Texte


                                                                            « A chaque moi son objet ; à chaque sur-moi son abject »
                                                                                                                                             Julia  Kristeva


Je m'intéresse au côté noir qu'il y a en tout un chacun, le côté obscur ou abject, à la mélancolie qui nous habite. Mon œuvre est une recherche vers le soi intérieur, celui que j'identifie avec l'abjection «le  moi », mais il est aussi nécessaire de comprendre le soi extérieur, celui de la morale collective « l'autre ». Profondément admirateur des peintures noires de Goya pleine de « choses terribles et déjantées qu’on n’avait jamais imaginées», et de la peinture contemporaine allemande représentée par les artistes Jörg Immendorff, Anselm Kiefer ou encore Daniel Richter et Jonas Burgert.
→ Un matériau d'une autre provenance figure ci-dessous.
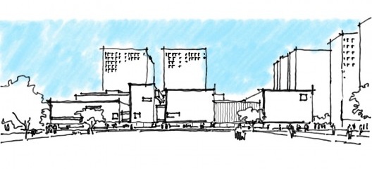 É composta de modo a expressar seus volumes conforme a função e importância. Assim, uma barra linear – abrigando funções diversas de apoio e salas de aula – dá o suporte para 4 expressivos volumes destinados principalmente às grandes salas de ensaio. Estes volumes foram concebidos segundo recomendações elementares da boa acústica, evitando-se o paralelismo das paredes. O restante do território é destinado ao âmbito residencial, onde a demanda de habitações se desenvolve em torres de escalas diversas segundo a condição de cada quadra. A formidável demanda de unidades habitacionais e as dimensões do território em questão nos conduzem a conceber o projeto como uma pequena cidade. Todo o complexo arquitetônico se desenvolve principalmente ao longo de um eixo verde, desenhado como uma praça de dimensões adequadas à escala do complexo.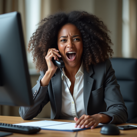 free clipart stock photo of a black female boss screaming into a phone (3)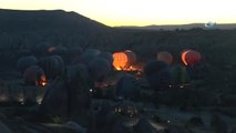 - Türkiye’nin önemli turizm merkezlerinden Kapadokya bölgesinde sabahın erken saatlerinde havalanan sıcak hava balon turları bölgeyi ziyarete gelen yerli ve yabancı turistleri mest ediyor. Türkiye’nin önemli turizm merkezlerinden Kapadokya’da günün ağarmasıyla başlayan sıcak hava balon turları bölgeyi ziyarete gelen yerli ve yabancı turistleri mest ediyor. Sabahın erken saatlerinde Kapadokya bölgesini kuş bakışı izlemenin mutluluğunu sıcak hava balon turlarına katılarak yerden yaklaşık bin 500 metre yükseklikten izleyen turistler eşsiz manzara karşısında mest olurken peribacaları ile birlikte sıcak hava balonlarını ölümsüzleştirmek isteyen bazı turistler de Göreme’de bulunan aşıklar tepesinde bu anları ölümsüzleştiriyor. Sabahın erken saatlerinde Göreme’de bulunan aşıklar tepesinde buluşan yüzlerce turist, peribacaları ile birlikte balonların eşsiz manzarası karşısında adeta gizeme kapılırken bazı turistler ise yanlarında getirmiş oldukları eşyalardan kendilerine dekor yaparak peribacaları ve balonları adeta bir stüdyo havası vererek fotoğraf çektiriyor. Sabahın ilk ışıklarıyla birlikte sıcak hava balon turlarını izlemek için aşıklar tepesinde bulunan yerli ve yabancı turistler; peribacaları ve sıcak hava balonlarının birleşmesinden dolayı etkilendiklerini ifade ederek Kapadokya’ya aşık olduklarını ifade etti.

Mon intérêt dans l'art s’oriente davantage vers la narrativité que la conceptualisation de l’objet artistique. L’essentiel réside dans le dialogue, la communication, l’œuvre doit être le reflet sincère de l'artiste, car peindre c’est surtout être sincère avec soi même.

J’utilise parfois dans mon travail des icônes artistiques contemporaines, pour faire référence à la théâtralité de l'art d'aujourd'hui. Ces icônes transfèrent aux tableaux un sens plus ironique, plus métaphorique, plus allégorique, en contrastant avec la noirceur qui domine le tableau, l’icône devient symbole et l’œuvre marchandise.

Je cherche à représenter dans mes œuvres une atmosphère étrange, comme si d’un rêve il s’agissait, à perturber les valeurs d’une société qui se cache derrière les symboles et les objets kitch que nous les artistes réalisons.

Mon travail est une œuvre à mi-chemin entre l'état liquide, et l'état solide, toujours dans la viscosité, dans l’androgynisme de l’entre-deux, comme quelque chose qui ne trouve pas ça place naturellement et qui a besoin d’être modifié pour se trouver. C'est dans cet interstice, dans cette marge entre un état et l'autre, que l'abject se situe et que mon œuvre prend force, et c'est dans cet espace étroit que je travaille, dans l'entre-deux, dans l’obscurité, comme si mon atelier devenait mon sanctuaire et mon œuvre ma religion, à la recherche du chaman, de l'intermédiaire entre l'homme et son esprit.